France’s President Emmanuel Macron will host his British counterpart Boris Johnson for a working lunch to discuss Brexit and Iran ahead of the G7 meeting in France this weekend.

Boris Johnson is in Paris a day after Berlin offered a glimmer of hope that an agreement could be reached to avoid a chaotic “no deal” Brexit.

Speaking of the looming threat that Britain could crash out of the European bloc without an exit agreement in place, Johnson said: “Of course, I want a deal. And I think we can get a deal – and a good deal.

But he added: “It is vital for trust in politics that, if you have a referendum, then you should act on the instructions of the voters. And that is why we must come out of the EU on October the 31st, deal or no deal.

On the second leg of his first foreign visit since taking office, Johnson meet president Macron at the Elysee palace to press home his message that elements of the UK’s impending divorce from the European Union must be renegotiated.

Macron on Wednesday dismissed Johnson’s demands that the EU reopen negotiations on the Irish border, saying that the bloc had always been clear it would not agree.

“Renegotiation of the terms currently proposed by the British is not an option that exists, and that has always been made clear by (EU) President Tusk,” Macron told reporters in Paris.

At the weekend, all three European leaders will meet US President Donald Trump, a vocal supporter of both Brexit and Johnson, and the leaders of Canada, Italy and Japan at a G7 summit in the French seaside resort of Biarritz.

The talks come after Merkel on Wednesday told Johnson in Berlin that an agreement could even be possible within “30 days” for Britain to leave the EU, if a solution could be found to the thorny issue of the Irish border.

Boris Johnson has been adamant that he will not accept the “backstop” border plan agreed under his predecessor Theresa May and warned that the UK will exit the EU on 31 October, even at the cost of economic turmoil.

What the backstop?

The backstop is a mechanism to avoid border checks between EU member Ireland and Northern Ireland, part of the UK, with checkpoints there removed as part of a 1998 peace deal on the divided island.

But critics have derided the plan because it would temporarily keep Britain in the EU customs union.

In Berlin, Johnson again stressed his view that the backstop “has grave, grave defects for a sovereign, democratic country like the UK” and added that the provision “plainly has to go”.

Merkel said that the mechanism was always meant as a “fallback position” to protect the “integrity of the single market” for the period in which the other 27 EU members and London define their future relationship.

In the search for a solution, she said, “we have said we would probably find it in the next two years, but maybe we can do it in the next 30 days, why not? Then we are one step further in the right direction”.

Johnson told Merkel that he welcomed the “very blistering timetable of 30 days,” adding that “I’m more than happy with that”.

He added: “I just want to be absolutely clear with all our German friends and the German government that we in the UK want a deal, we seek a deal, and I believe we can do that.

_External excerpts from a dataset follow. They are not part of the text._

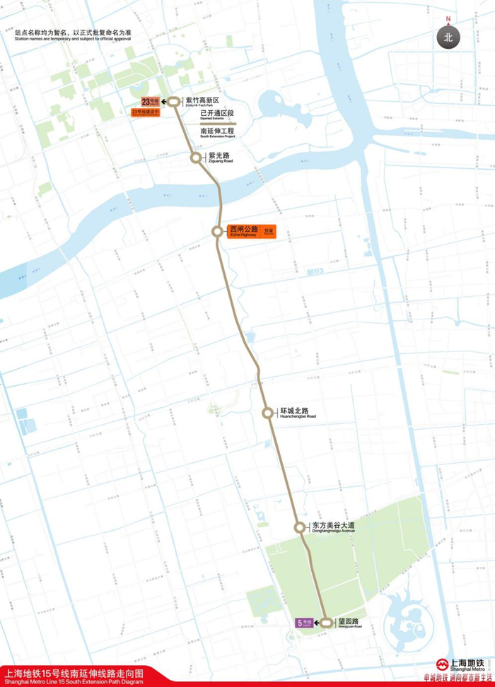 15号线南延伸工程途经奉贤区和闵行区,线路南起奉贤区望园路站,沿望园路、莲花南路走行,北止于已运营的15号线紫竹高新区站,分别设紫光路站、环城北路站、东方美谷大道站等4座车站及西闸公路预留站1座,其中望园路站与5号线换乘。线路全长10.26公里,采用全地下线敷设方式。
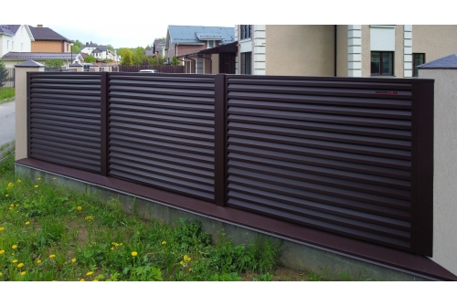 Забор Жалюзи — это секционное ограждение с необычным дизайном. Элементы выполнены из оцинкованной стали с полимерным покрытием.
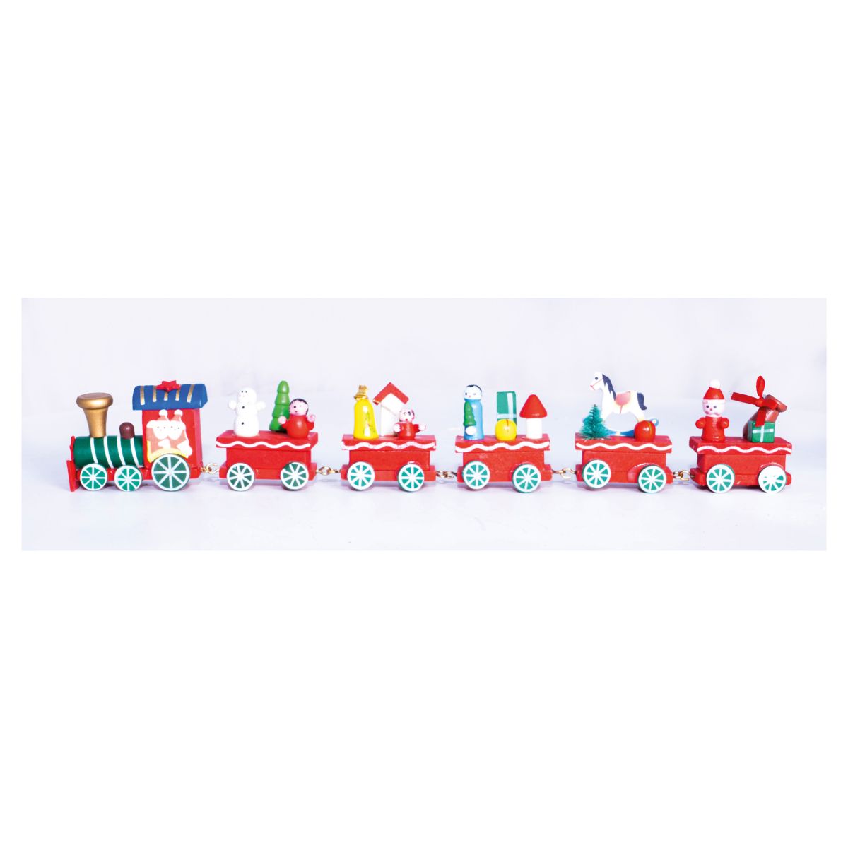 Make Christmas that little bit more special with this beautiful wooden train set, the set consists of an engine and 5 carriages all decorated in vibrant and festive colours. The train is adorned with festive figurines such as snowmen, father Christmas, a rocking horse and presents. Each carriage can be detached and arranged in whatever order you would like. This set would make a thoughtful Christmas gift but would also look great under your Christmas tree or displayed on a coffee table, window sill or fireplace. Made from high quality wood giving it a wonderfully old fashioned feel
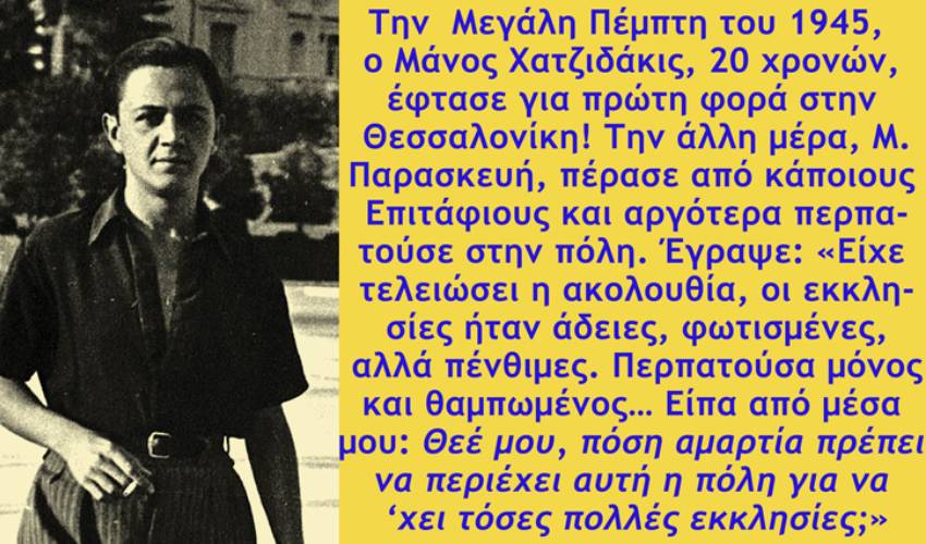 Όμως, άλλες είχαν πάει στην πατρίδα τους, άλλες δεν θέλανε κι άλλες είχαν κανονίσει… Απελπισία μεγάλη, γιατί δεν έβρισκε ούτε φίλο, για παρεΐστικο καμάκι στην Εγνατία (κι εμείς δεν τον πολυγουστάραμε…) Τελικά, απογοητευμένος, πήγε μόνος του στον Επιτάφιο της Μητρόπολης, στο ναό του Αγ. Γρηγορίου Παλαμά, που είχε πολύ τζέρτζελο και μεγάλη περιφορά! Με ένα κερί στο χέρι και καλοντυμένος (ενορία αστών, γαρ-γαρ…), έψαχνε για μοναχικό κορίτσι, βαδίζοντας “οφιοειδώς” ανάμεσα στο πλήθος. Τελικά μπάνισε κάποιο, με σκούρα ρούχα, που φαινόταν στενοχωρημένο κι αυτό τον φούντωνε, γιατί έβλεπε τον εαυτό του να κάνει τον παρηγορητή.
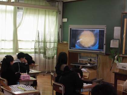 と驚いたようにしている子ども,給食を食べるのを忘れて,じっと動画に見入っている子どももいました。
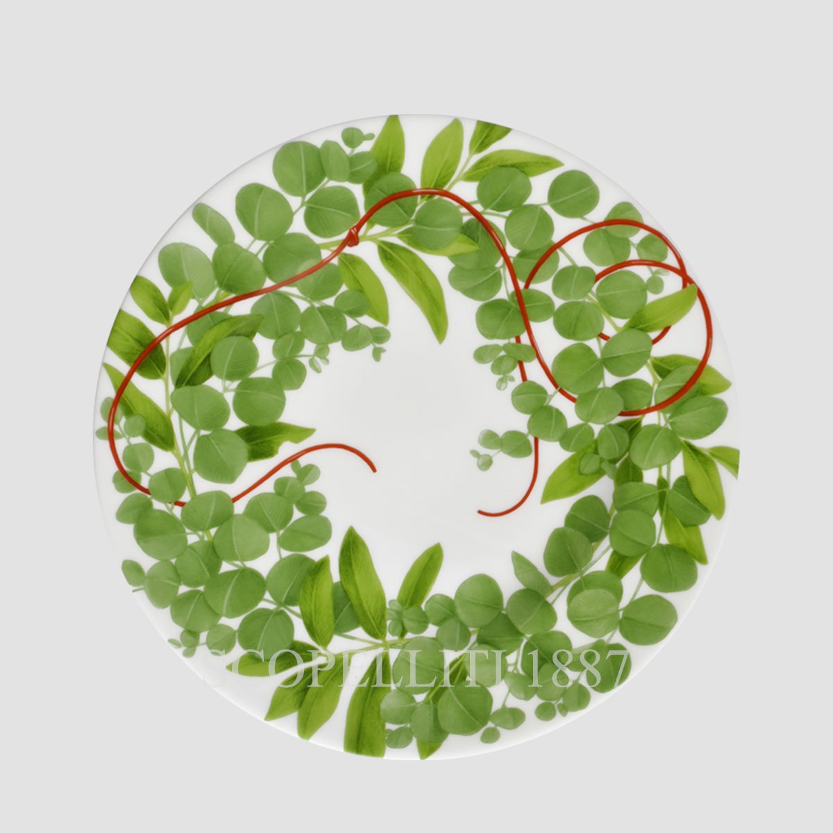 A delicate Fil Rouge wreath intertwines with Eucalyptus and Laurel leaves, creating a serene and sophisticated design. The dominant green tones evoke a sense of calm, while subtle red accents add warmth and festive charm. As part of the Fil Rouge macro-concept, the Bacche, Foglie, and Nodi collections offer beauty for every season, while also bringing the magic of Christmas to your table. Designed for endless Mix&Match possibilities, these pieces harmonize effortlessly with other Taitù collections, allowing you to create a unique and personalized setting.
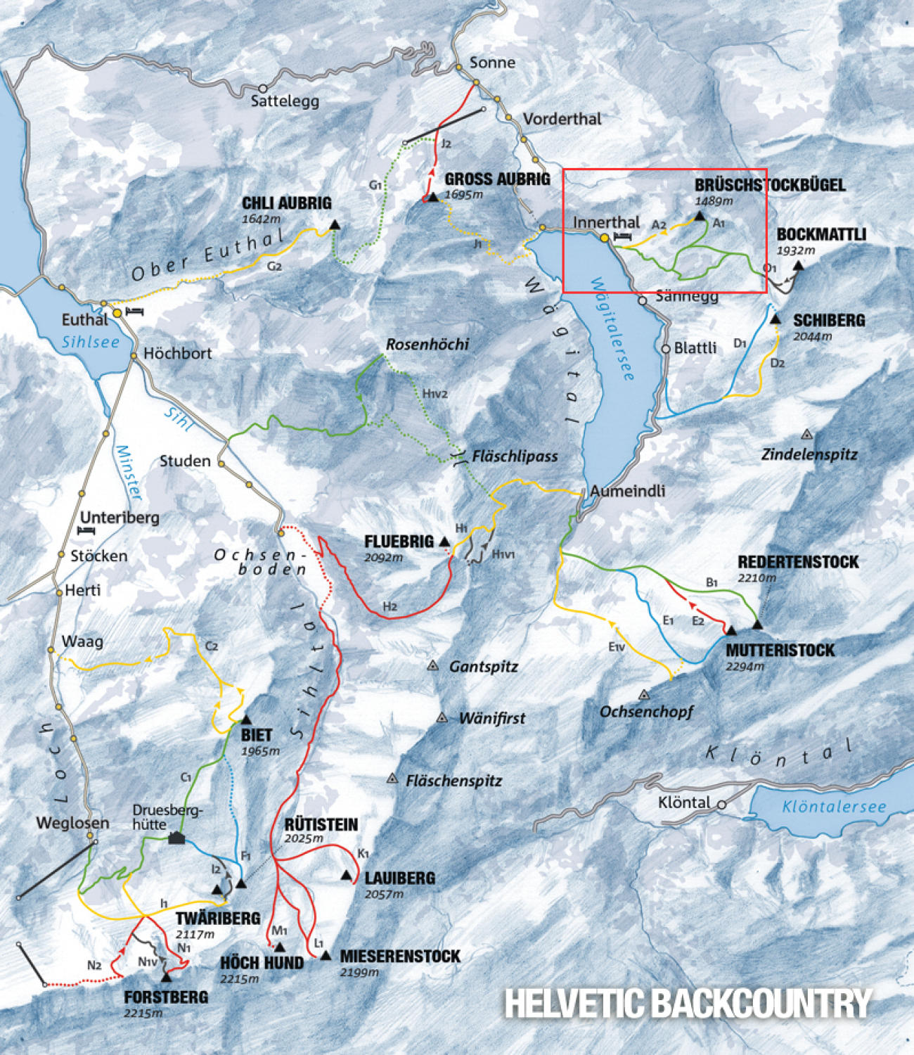 Siehe Route A1 auf der Übersichtskarte bei den Bildern (Die Tour ist eine von 400 vorgestellten Gipfel im neuen HELVETIC BACKCOUNTRY: Ski- und Snowboardtouren Atlas Schweiz (ab Nov. 2013 im Buchhandel). helveticbackcountry.ch
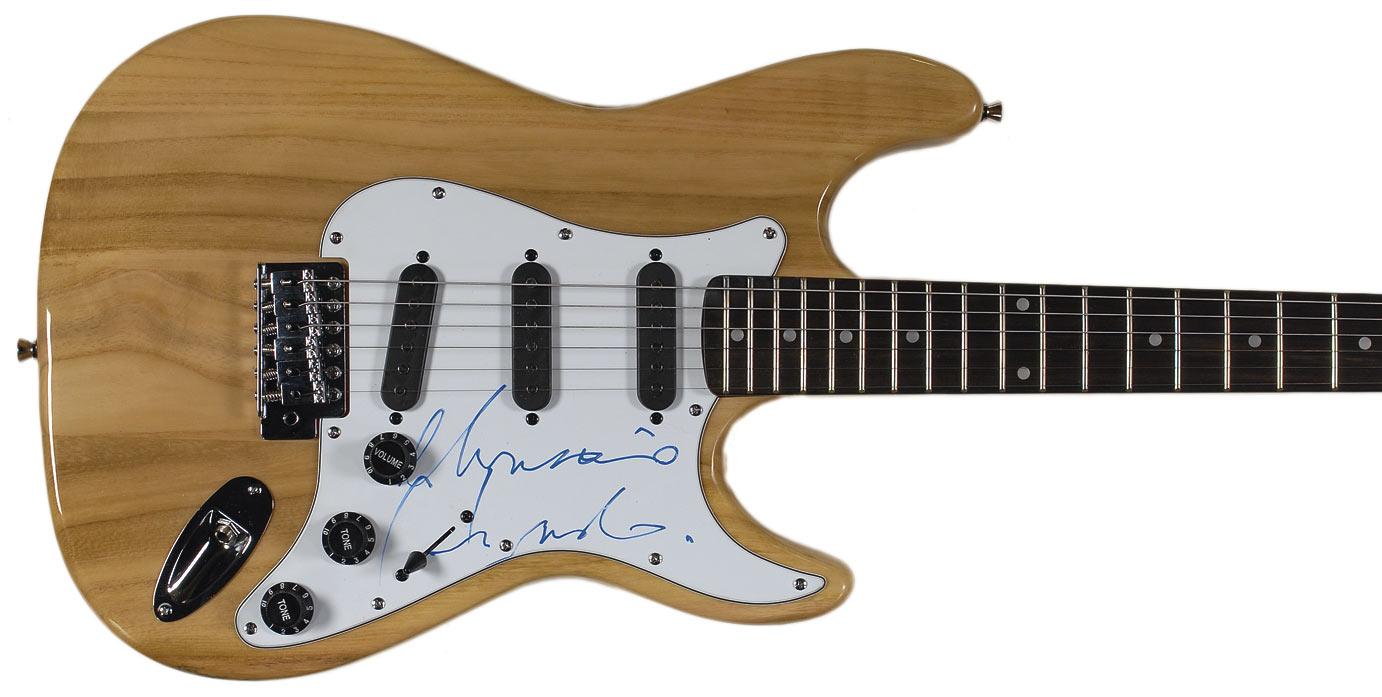Natural wood-finish Stedman Pro ‘stratocaster-style’ electric guitar, signed on the white pickguard in blue felt tip. In fine condition. Accompanied by a photo taken at time of signing. Oversized. Pre-certified PSA/DNA and RRAuction COA.
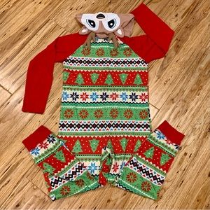 Absolutely iconic Christmas onesie from Justice!! 🦌 Lightweight but warm, so perfect for lounging or a pj day at school. Perfect condition other than some normal piling. Size 12 but see companion listing for size. 6/7. Zippered closure, hand warmer pockets, smiley reindeer hood, jogger style ankles so will never be too long. Please consider bundling for item discounts and combined shipping.
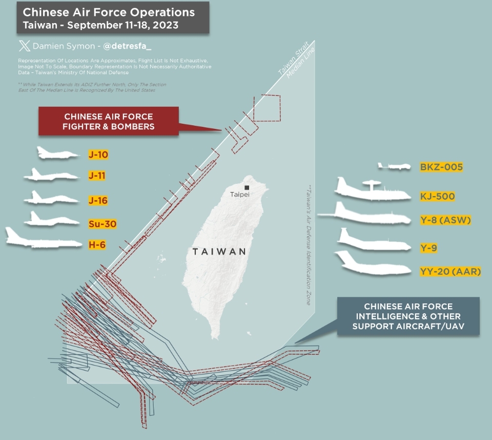 2023년 8월에는 202대의 PLA 공군기들이 대만 주변을 비행하였으며 이는 월별 최고 기록이었습니다.
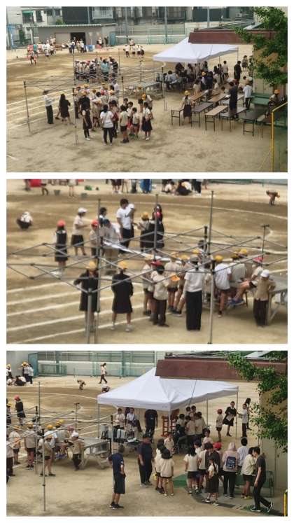 子どもたちは、役割分担にそって、日曜日の運動会に向けて打合せや練習、動きの確認、競技の用具やいす、机などの準備などを行いました。
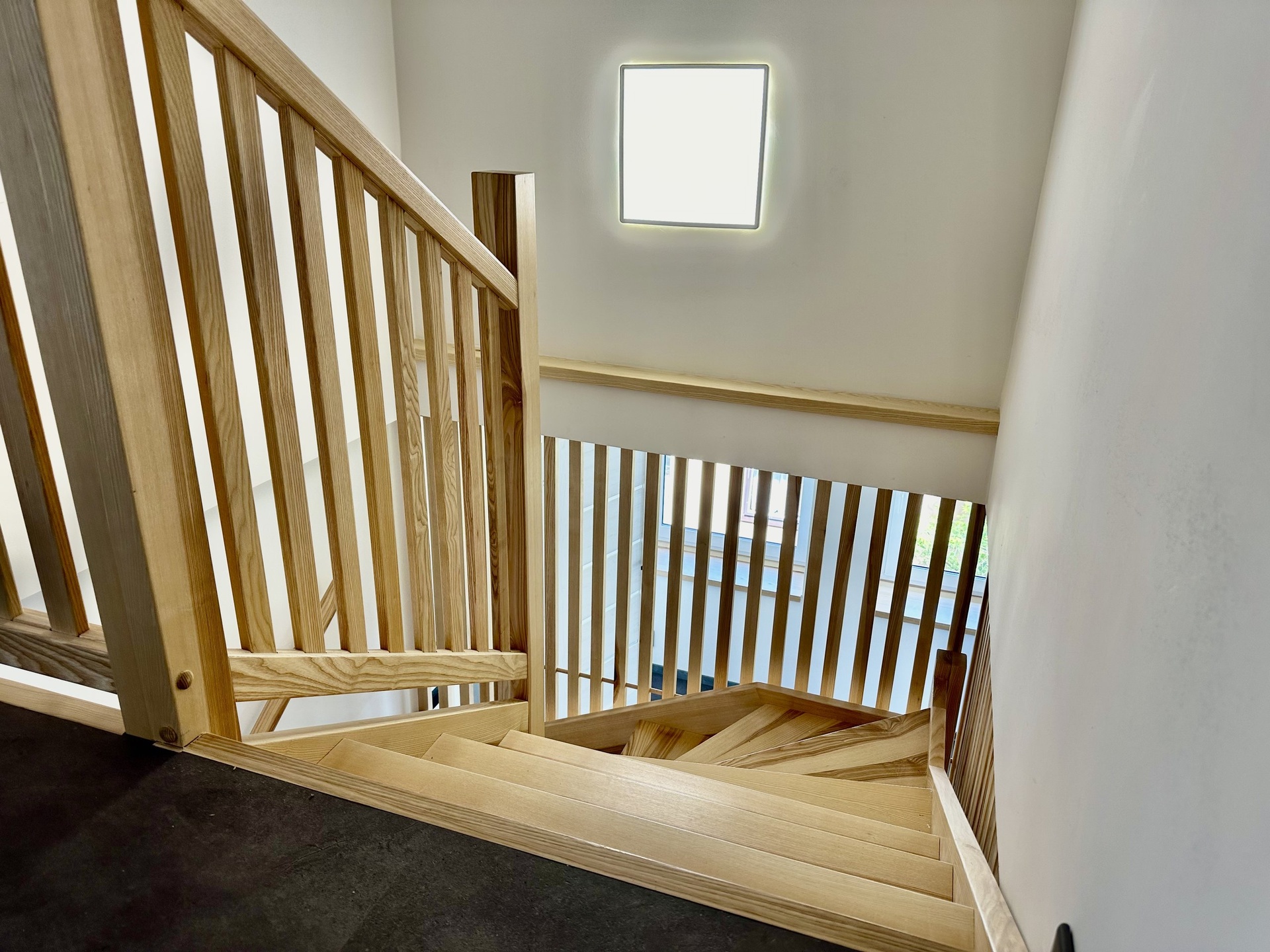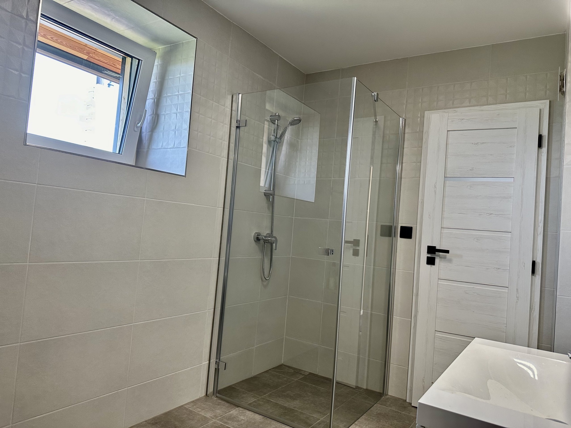 V podkroví jsou další dva pokoje 10 a 20m² koupelna se sprchovým koutem a toaletou. Do podkrovního patra je přístup po bezpečném, dostatečně prostorném dřevěném schodišti.
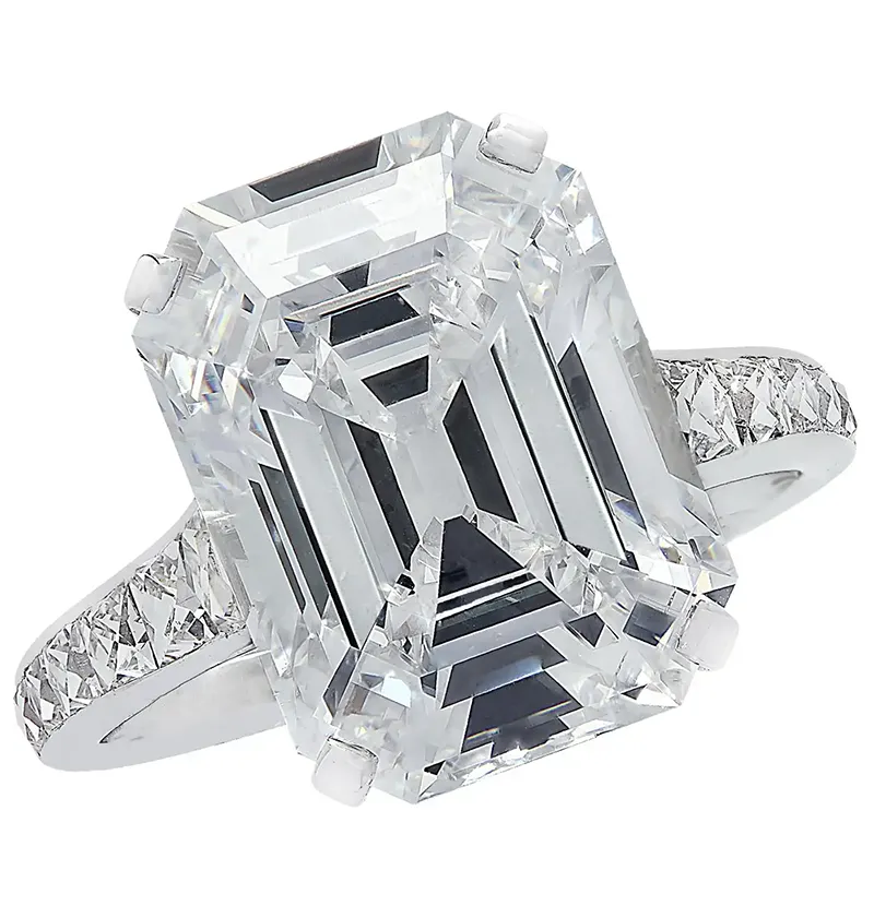 The ring’s platinum setting and meticulously arranged round brilliant-cut accent diamonds enhance the central stone’s natural fire and brilliance, highlighting the skill and artistry of the master jewelers who crafted it. Its harmonious design balances antique sophistication with contemporary elegance, ensuring that the Vivid Diamonds GIA Certified 7.23 Carat Emerald Cut Diamond Engagement Ring is as visually striking as it is historically significant.
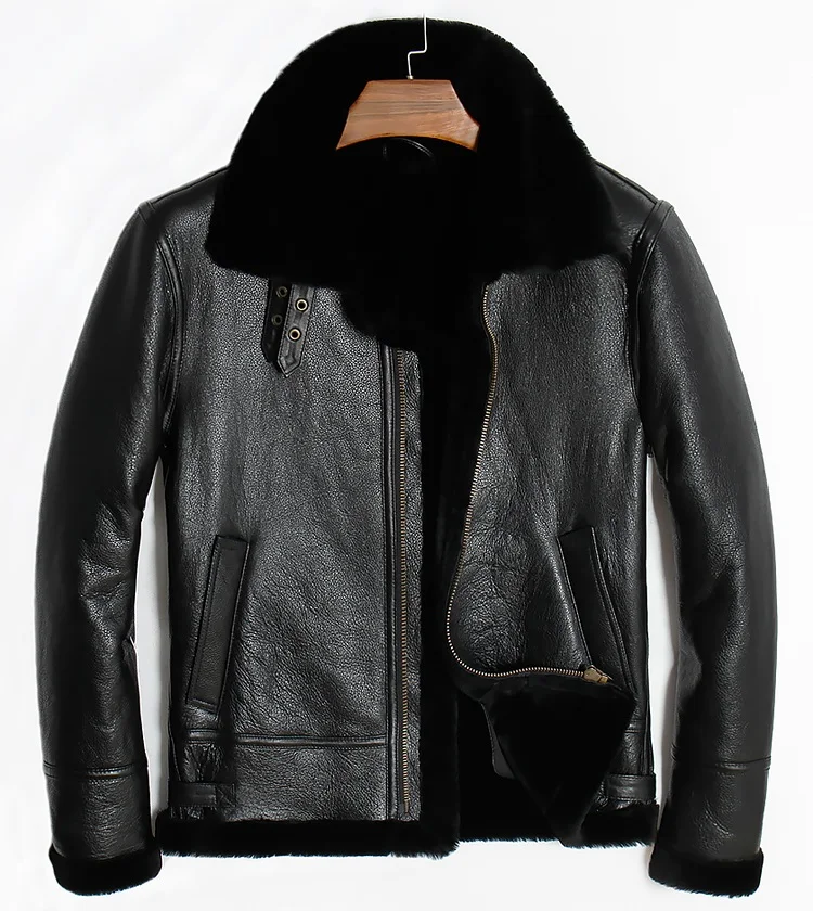 Бесплатная доставка, зимняя шуба из натуральной овчины, шерстяная овчина, теплая кожаная куртка, Мужская Шуба из овчины. Куртки размера плюс черного цвета.-in Пальто из натуральной кожи from Мужская одежда on AliExpress

“Wir schaffen das,” he quipped, borrowing Merkel’s signature German phrase on managing the 2015 refugee influx that translates to “we can do it”.

Johnson, in a “do-or-die” gamble, has insisted Britain will leave the EU on 31 October , no matter whether it has ironed out remaining differences with the bloc or not.

Ahead of his Berlin visit, Johnson reaffirmed in a tweet that “we’re going to leave the EU on 31 October and make this country the best in the world to live in”. The message was adorned with a Union flag.